Goldman Sachs Group has experienced a significant shift in its ranking as the leading mergers and acquisitions adviser globally. For the first time in five years, Goldman Sachs has lost its top position to JPMorgan Chase & Co. According to Bloomberg data, JPMorgan now holds the coveted No. 1 spot, boasting a 22.5% market share with credits on $284 billion worth of deals. Meanwhile, Goldman Sachs has slipped to second place, securing an 18.8% market share with its involvement in $237 billion worth of transactions.
This change in rankings comes amidst a challenging period for the M&A landscape, with global deal volumes plummeting by 42% this year to $1.3 trillion. The decline has resulted in diminished fees and has prompted major job cuts across Wall Street. In line with the industry trend, Goldman Sachs recently announced the elimination of 125 managing director positions as part of cost-saving measures. This marks the bank’s third round of job cuts within a year.
Valeriya Vitkova, a senior lecturer at City University of London’s Bayes Business School, points to the reduced number of megadeals as a contributing factor to the shifts in league table rankings. She highlights a structural shift in the types of M&A deals being announced and ponders whether this decline will persist or if it is merely a temporary shift.
Although league table rankings may hold less significance in a year with declining deal volumes, Goldman Sachs has a track record of reclaiming the top spot. In 2018, despite trailing behind Morgan Stanley at mid-year, Goldman Sachs emerged victorious by year-end. Bloomberg data reveals that there have been only three instances in the past two decades when Goldman Sachs did not secure the No. 1 ranking globally for a full year.
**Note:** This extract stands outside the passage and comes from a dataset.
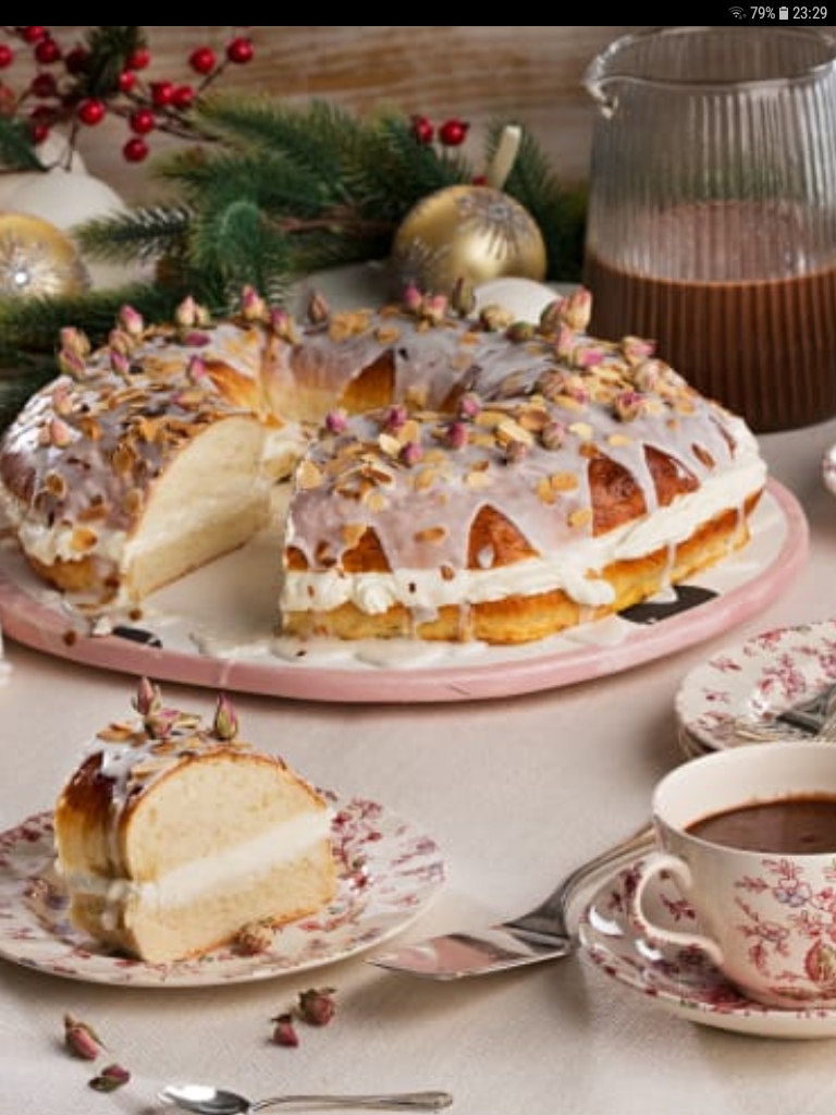 Ponga en el vaso la clara, 10 g de agua de rosas y 180 g de azúcar glas. Mezcle 10 seg/vel 6. Vierta sobre el roscón, espolvoree con las almendras y decore con las rosas secas.

Representatives for both Goldman Sachs and JPMorgan declined to comment on the change in rankings. Other banks, such as Guggenheim and Centerview Partners, have also witnessed notable fluctuations in their rankings. Guggenheim, which ranked 57th in 2022, has soared to 9th place thanks to its involvement in advising Pfizer on the $43 billion acquisition of cancer drugmaker Seagen. Centerview Partners, on the other hand, experienced a nine-spot jump due to its advisory role in the Seagen deal.
The league table ranking serves as an indicator of a bank’s engagement in the M&A advisory business, which directly affects revenues and profits. As a result, senior executives are likely to closely monitor these rankings. The Australian investment bank of Credit Suisse has also seen its fortunes decline, with its senior banker count dwindling as global layoffs commence.
Despite the current landscape, Goldman Sachs remains optimistic about its prospects and the potential to reclaim the top M&A advisory ranking by the end of the year. The ultimate outcome will be determined by market dynamics and the resurgence of deal activity in the coming months.